_Exercise brief_
A faithful copy is required. Print each line of the data exactly and omit the pictures.

_Given information_
========================================

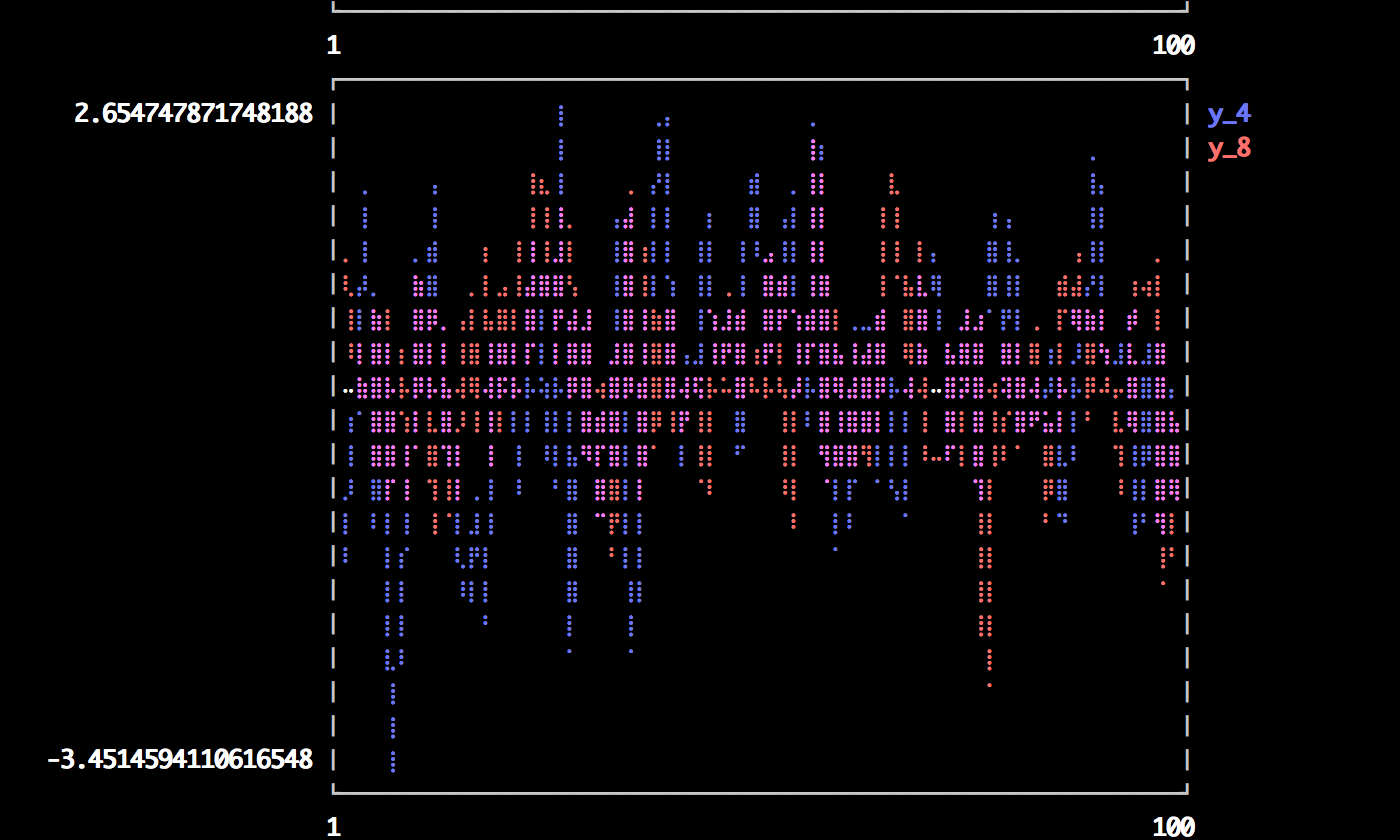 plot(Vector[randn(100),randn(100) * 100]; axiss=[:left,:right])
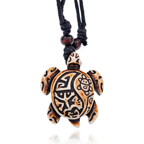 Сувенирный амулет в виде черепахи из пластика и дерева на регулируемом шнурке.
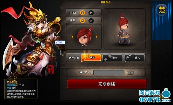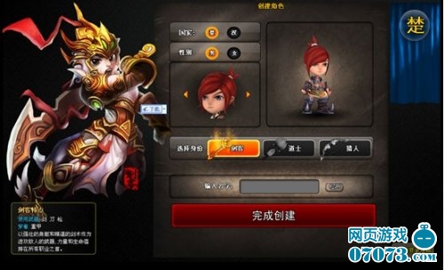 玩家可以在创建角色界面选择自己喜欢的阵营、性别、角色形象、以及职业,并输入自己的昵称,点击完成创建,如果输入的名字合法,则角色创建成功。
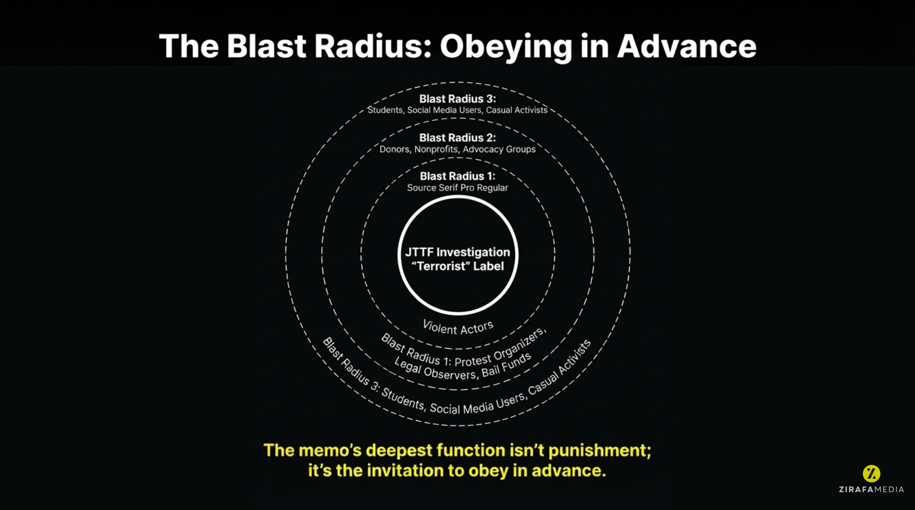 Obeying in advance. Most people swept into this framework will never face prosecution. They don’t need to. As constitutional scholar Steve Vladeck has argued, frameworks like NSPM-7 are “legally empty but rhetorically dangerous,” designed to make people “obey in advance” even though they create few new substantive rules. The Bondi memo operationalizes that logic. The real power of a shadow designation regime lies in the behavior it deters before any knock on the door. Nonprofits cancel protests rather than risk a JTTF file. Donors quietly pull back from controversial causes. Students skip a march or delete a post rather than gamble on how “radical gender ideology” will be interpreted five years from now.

========================================

_Task response_
 plot(Vector[randn(100),randn(100) * 100]; axiss=[:left,:right])
 Сувенирный амулет в виде черепахи из пластика и дерева на регулируемом шнурке.
 玩家可以在创建角色界面选择自己喜欢的阵营、性别、角色形象、以及职业,并输入自己的昵称,点击完成创建,如果输入的名字合法,则角色创建成功。
 Obeying in advance. Most people swept into this framework will never face prosecution. They don’t need to. As constitutional scholar Steve Vladeck has argued, frameworks like NSPM-7 are “legally empty but rhetorically dangerous,” designed to make people “obey in advance” even though they create few new substantive rules. The Bondi memo operationalizes that logic. The real power of a shadow designation regime lies in the behavior it deters before any knock on the door. Nonprofits cancel protests rather than risk a JTTF file. Donors quietly pull back from controversial causes. Students skip a march or delete a post rather than gamble on how “radical gender ideology” will be interpreted five years from now.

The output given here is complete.